Excerpts from Recollections of My Youth (1883), by philosopher and historian of religion Ernest Renan:

“I love the past, but I envy the future. It would have been very pleasant to have lived upon this planet at as late a period as possible. Descartes would be delighted if he could read some trivial work on natural philosophy and cosmography written in the present day.  The fourth form school boy of our age is acquainted with truths to know which Archimedes would have laid down his life. What would we not give to be able to get a glimpse of some book which will be used as a school-primer a hundred years hence?”

“The worst social state, from this point of view, is the theocratic state, like Islamism or the ancient Pontifical state, in which dogma reigns supreme. Nations with an exclusive state religion, like Spain, are not much better off. Nations in which a religion of the majority is recognized are also exposed to serious drawbacks . . . As long as the masses were believers, that is to say, as long as the same sentiments were almost universally professed by a people, freedom of research and discussion was impossible. A colossal weight of stupidity pressed down upon the human mind.”

“This is a state of things which is coming to an end in our time, and we cannot be surprised if some disturbance ensues. There are no longer masses which believe; a great number of the people decline to recognise the supernatural, and the day is not far distant, when beliefs of this kind will die out altogether in the masses, just as the belief in familiar spirits and ghosts have disappeared.”

But elsewhere:

“Religion has become for once and all a matter of personal taste. Now beliefs are only dangerous when they represent something like unanimity, or an unquestionable majority. When they are merely individual, there is not a word to be said against them.”

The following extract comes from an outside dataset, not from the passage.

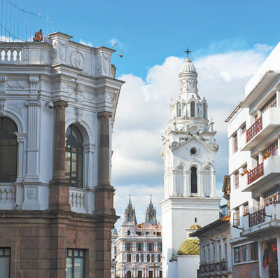 厄瓜多尔首都基多坐落于安第斯山脉的山谷之中,是个南北延伸的狭长城市,新城在北,老城在南。老城的历史可以追溯到1534年,至今仍基本保持着当年的格局和风貌。鹅卵石街巷纵横交错,状似棋盘,数个广场点缀其间,把老城连接为一个整体,政府机构、教堂等主要建筑都环绕广场而建。

“The brain, parched by reasoning, thirsts for simplicity, like the desert for spring water. When reflection has brought us up to the last limit of doubt, the spontaneous affirmation of the good and of the beautiful which is to be found in the female conscience delights us and settles the question for us. This is why religion is preserved to the world by woman alone . . . Woman restores us to communication with the eternal spring in which God reflects Himself.”